*Extracted data*:
*** Begin section ***

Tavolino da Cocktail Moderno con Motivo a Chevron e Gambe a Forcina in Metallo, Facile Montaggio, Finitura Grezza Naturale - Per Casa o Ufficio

*** End section ***
*** Begin section ***

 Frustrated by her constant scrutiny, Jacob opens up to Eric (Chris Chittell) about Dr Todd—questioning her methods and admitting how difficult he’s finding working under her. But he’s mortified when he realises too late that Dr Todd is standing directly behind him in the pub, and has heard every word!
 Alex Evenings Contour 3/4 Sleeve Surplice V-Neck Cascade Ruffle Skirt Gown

*** End section ***
*** Begin section ***

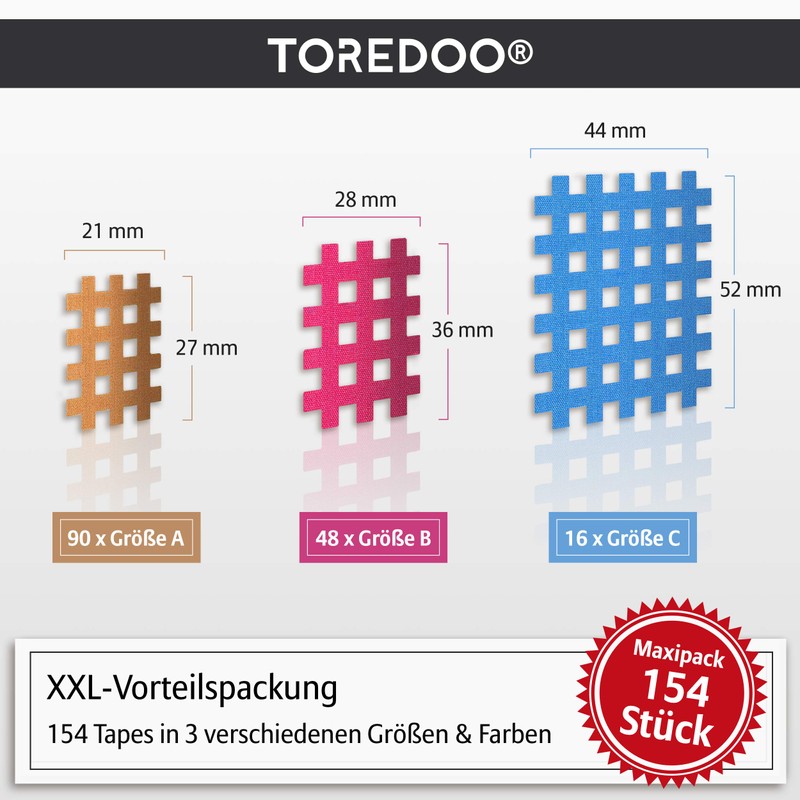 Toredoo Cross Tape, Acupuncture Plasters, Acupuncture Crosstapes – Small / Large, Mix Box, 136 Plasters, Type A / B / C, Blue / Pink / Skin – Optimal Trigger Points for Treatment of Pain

*** End section ***

*Task brief*:
Could you return exactly the lines above from the line with "Frustrated by her" to the line with "Alex Evenings Contour", both included, and nothing else?

*Written answer*:
 Frustrated by her constant scrutiny, Jacob opens up to Eric (Chris Chittell) about Dr Todd—questioning her methods and admitting how difficult he’s finding working under her. But he’s mortified when he realises too late that Dr Todd is standing directly behind him in the pub, and has heard every word!
 Alex Evenings Contour 3/4 Sleeve Surplice V-Neck Cascade Ruffle Skirt Gown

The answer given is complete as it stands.